Monday, November 25, 2024

Is Your Conceptual Model Logically Sound?

Introduction

In the last few posts, I've been talking about flaws in your conceptual model that can make your model run slowly (i.e., it is an inefficient use of your time). Making poor choices about landscape themes can blow up the size of your model dramatically and make it nigh on impossible to properly do QA (or even figure out what is happening).

However, it is also possible to have a reasonable implementation of a flawed conceptual model. This is a model that, while semantically and syntactically correct, doesn't pass the smell test for how the real world works. For this exercise, I'm going to present snippets from real client models that illustrate both kinds of problems, without disclosing where they came from.

Exhibit 1 - 9 Theme Model


Exponential Growth in Columns


Almost 12 GB of RAM required

We see by the exponential growth in the number of columns by planning period, that there's something undesirable going on. For a model with only 9 themes and 20 planning periods, that is a very large number of columns that requires a lot of computer memory (almost 12 GB). Where to start?

Landscape Woes

The model identifies harvest settings, which makes this essentially a stand-based model. They used _INDEXing in the LANDSCAPE section to associate net area, and harvest method proportions to each unit, rather than using themes and the AREAS section. 

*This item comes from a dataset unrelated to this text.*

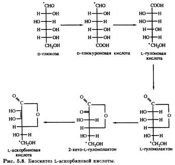 Считается, что все хлорофиллсодержащие растения и прорастающие семена могут синтезировать аскорбиновую кислоту согласно схеме, приведенной на рис. 5.8.

1431 _INDEX(yOpArea=56.0,yGroundProp=0.00,yLineProp=1.00,yHeliProp=0.00)
1433 _INDEX(yOpArea=96.9,yGroundProp=0.00,yLineProp=0.28,yHeliProp=0.72)
1434 _INDEX(yOpArea=62.3,yGroundProp=0.05,yLineProp=0.33,yHeliProp=0.62)

I dislike this approach because you cram too much information into a single attribute (stand ID), and so when you want to identify sub-groups, you need a bunch of *AGGREGATE definitions. This just makes things unwieldy.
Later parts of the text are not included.